### RECORDED DATA
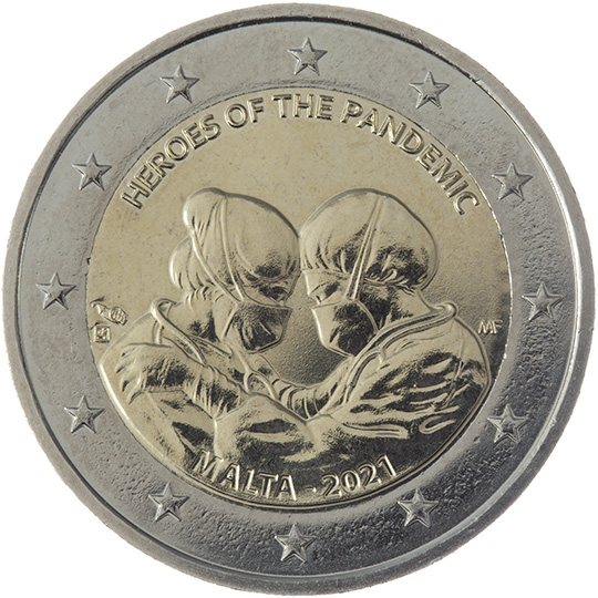 l’inscription « MALTA - 2021 ». Les douze étoiles de l’Union
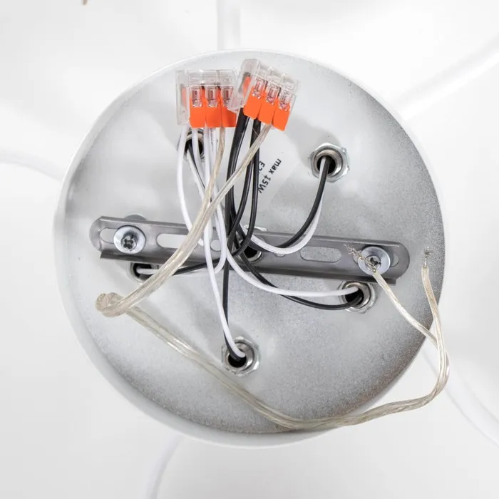 Благодаря продуманному дизайну, люстра сочетает в себе функциональность и эстетику. Металлическое белое основание сохраняет презентабельный внешний вид долгие годы. Пластиковые плафоны легко очищаются от пыли, облегчая уход за светильником.
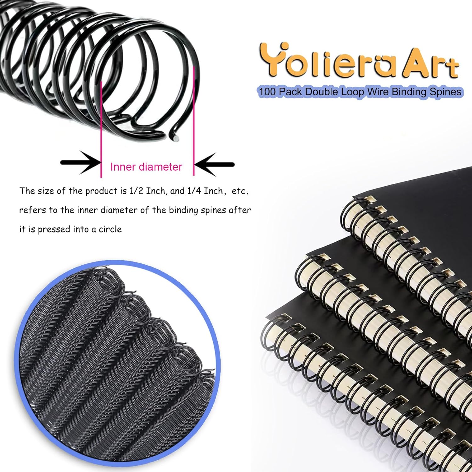 - High-Capacity Binding for Professional Use: Each YolieraArt double loop wire binding spine securely holds up to 120 sheets of standard A4 paper, ideal for thick reports, calendars, or notebooks. The metal inner wire structure ensures consistent tension to keep pages firmly aligned without shifting. With a 9/16 inches diameter and 0.8mm thickness, these spines balance flexibility and strength, supporting smooth 360-degree page rotation.

### EXERCISE DESCRIPTION
Would you retype the listing above exactly, omitting its pictures?

### TASK ANSWER
 l’inscription « MALTA - 2021 ». Les douze étoiles de l’Union
 Благодаря продуманному дизайну, люстра сочетает в себе функциональность и эстетику. Металлическое белое основание сохраняет презентабельный внешний вид долгие годы. Пластиковые плафоны легко очищаются от пыли, облегчая уход за светильником.
 - High-Capacity Binding for Professional Use: Each YolieraArt double loop wire binding spine securely holds up to 120 sheets of standard A4 paper, ideal for thick reports, calendars, or notebooks. The metal inner wire structure ensures consistent tension to keep pages firmly aligned without shifting. With a 9/16 inches diameter and 0.8mm thickness, these spines balance flexibility and strength, supporting smooth 360-degree page rotation.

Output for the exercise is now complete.